* **MATERIAL PROVIDED**:
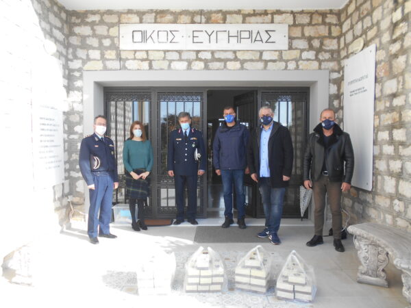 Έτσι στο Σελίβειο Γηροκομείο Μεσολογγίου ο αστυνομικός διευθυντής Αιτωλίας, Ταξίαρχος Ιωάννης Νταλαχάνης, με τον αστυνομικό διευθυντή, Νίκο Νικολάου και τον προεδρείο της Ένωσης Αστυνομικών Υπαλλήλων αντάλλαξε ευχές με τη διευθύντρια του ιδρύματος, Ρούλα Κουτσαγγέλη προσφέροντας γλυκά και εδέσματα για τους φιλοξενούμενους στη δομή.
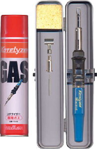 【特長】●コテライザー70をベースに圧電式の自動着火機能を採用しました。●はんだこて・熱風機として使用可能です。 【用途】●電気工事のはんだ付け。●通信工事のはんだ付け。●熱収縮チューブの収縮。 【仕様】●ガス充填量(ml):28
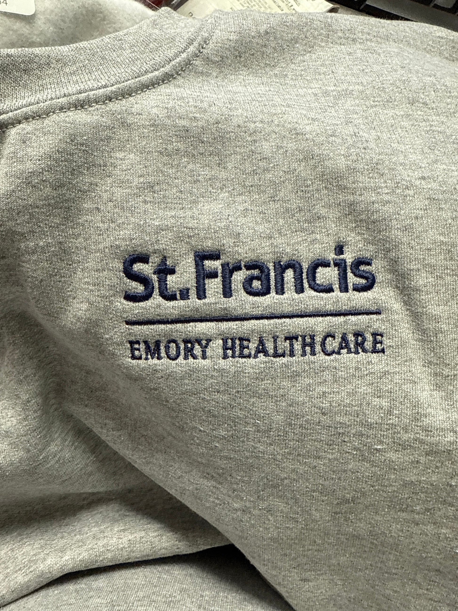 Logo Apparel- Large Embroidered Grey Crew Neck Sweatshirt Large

* **EXERCISE DESCRIPTION**: Once the pictures are set aside, give the rest of the material again unchanged.

* **YOUR SOLUTION**:
 Έτσι στο Σελίβειο Γηροκομείο Μεσολογγίου ο αστυνομικός διευθυντής Αιτωλίας, Ταξίαρχος Ιωάννης Νταλαχάνης, με τον αστυνομικό διευθυντή, Νίκο Νικολάου και τον προεδρείο της Ένωσης Αστυνομικών Υπαλλήλων αντάλλαξε ευχές με τη διευθύντρια του ιδρύματος, Ρούλα Κουτσαγγέλη προσφέροντας γλυκά και εδέσματα για τους φιλοξενούμενους στη δομή.
 【特長】●コテライザー70をベースに圧電式の自動着火機能を採用しました。●はんだこて・熱風機として使用可能です。 【用途】●電気工事のはんだ付け。●通信工事のはんだ付け。●熱収縮チューブの収縮。 【仕様】●ガス充填量(ml):28
 Logo Apparel- Large Embroidered Grey Crew Neck Sweatshirt Large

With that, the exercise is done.